- _RAW DATA_
_ _ _ _ _

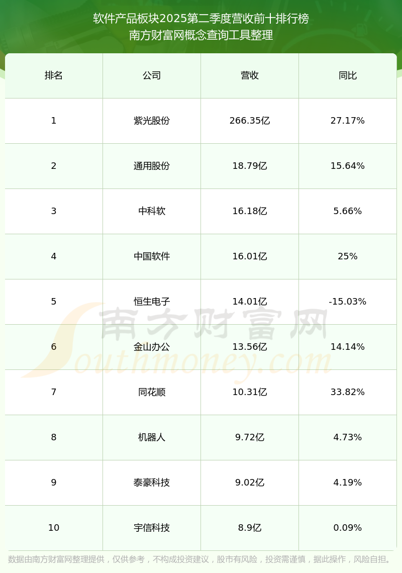 按照南方財富網(wǎng)概念查詢工具統(tǒng)計,該股所屬板塊為軟件產(chǎn)品板塊,該板塊共有28只股票,航天軟件2025第二季度營收在該板塊中排名為第28名,該板塊2025第二季度營收排名前十的股票如下表:
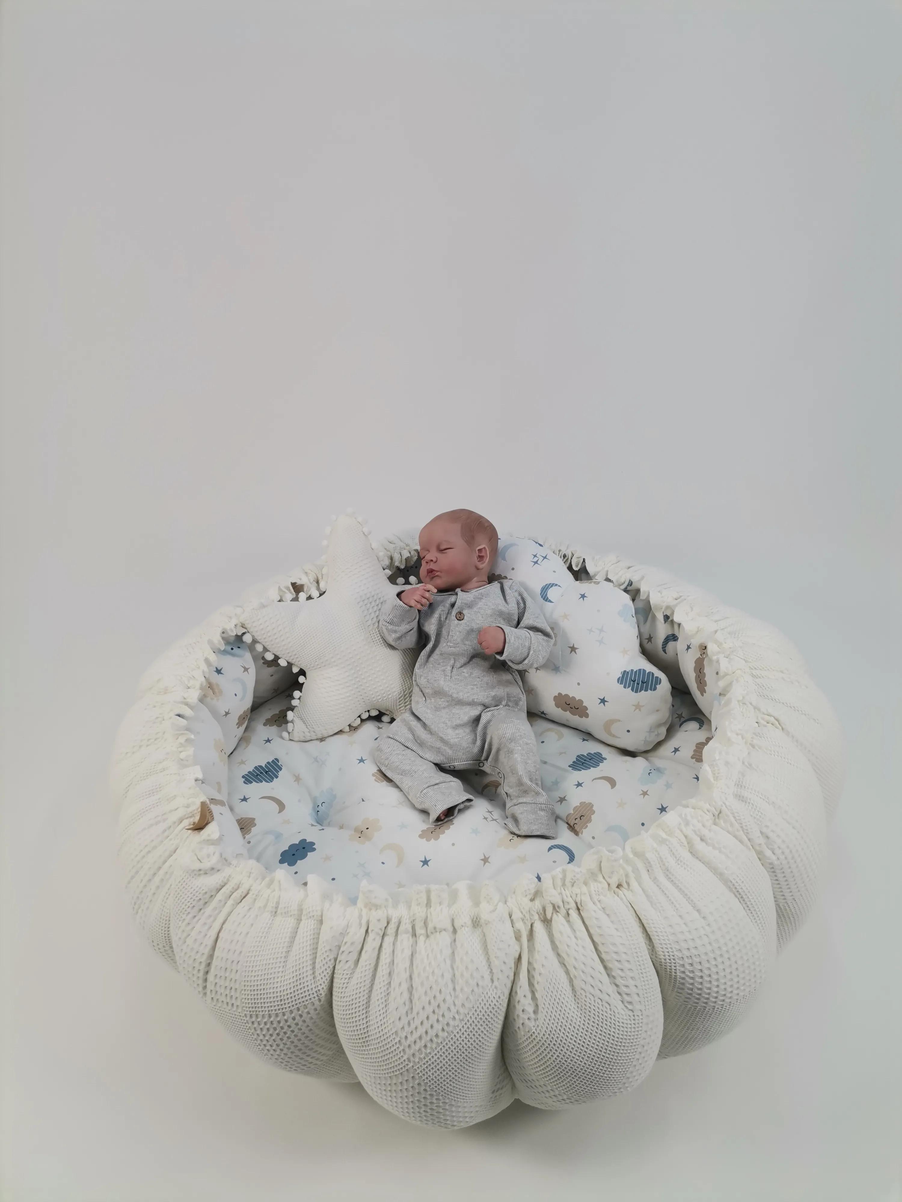 Waffle pike ve müslin kumaştan üretilen Yuvarlak babynestimiz ;
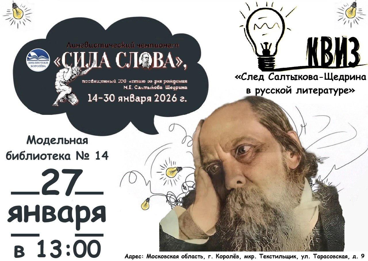 В 2026 году исполняется 200-лет со дня рождения великого русского писателя, журналиста, редактора журнала «Отечественные записки» Михаила Евграфовича Салтыкова-Щедрина. На встрече ведущая расскажет присутствующим о том, что его сказки, очерки, пьесы, повести и рассказы знакомы практически каждому со школьной скамьи. Писатель имел прекрасное и очень тонкое чувство юмора, острый ум и потрясающий интеллект.
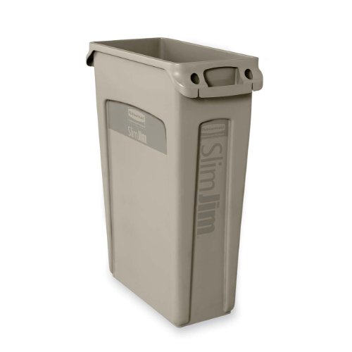 Rubbermaid Commercial Vented Slim Jim Trash Can Waste Receptacle, 23 Gallon, Beige, Plastic, FG354060BEIG

_ _ _ _ _

- _YOUR INSTRUCTIONS_
Since the pictures are not wanted, transcribe only the rest of the material above, exactly as it stands.

- _ANSWER SPACE_
 按照南方財富網(wǎng)概念查詢工具統(tǒng)計,該股所屬板塊為軟件產(chǎn)品板塊,該板塊共有28只股票,航天軟件2025第二季度營收在該板塊中排名為第28名,該板塊2025第二季度營收排名前十的股票如下表:
 Waffle pike ve müslin kumaştan üretilen Yuvarlak babynestimiz ;
 В 2026 году исполняется 200-лет со дня рождения великого русского писателя, журналиста, редактора журнала «Отечественные записки» Михаила Евграфовича Салтыкова-Щедрина. На встрече ведущая расскажет присутствующим о том, что его сказки, очерки, пьесы, повести и рассказы знакомы практически каждому со школьной скамьи. Писатель имел прекрасное и очень тонкое чувство юмора, острый ум и потрясающий интеллект.
 Rubbermaid Commercial Vented Slim Jim Trash Can Waste Receptacle, 23 Gallon, Beige, Plastic, FG354060BEIG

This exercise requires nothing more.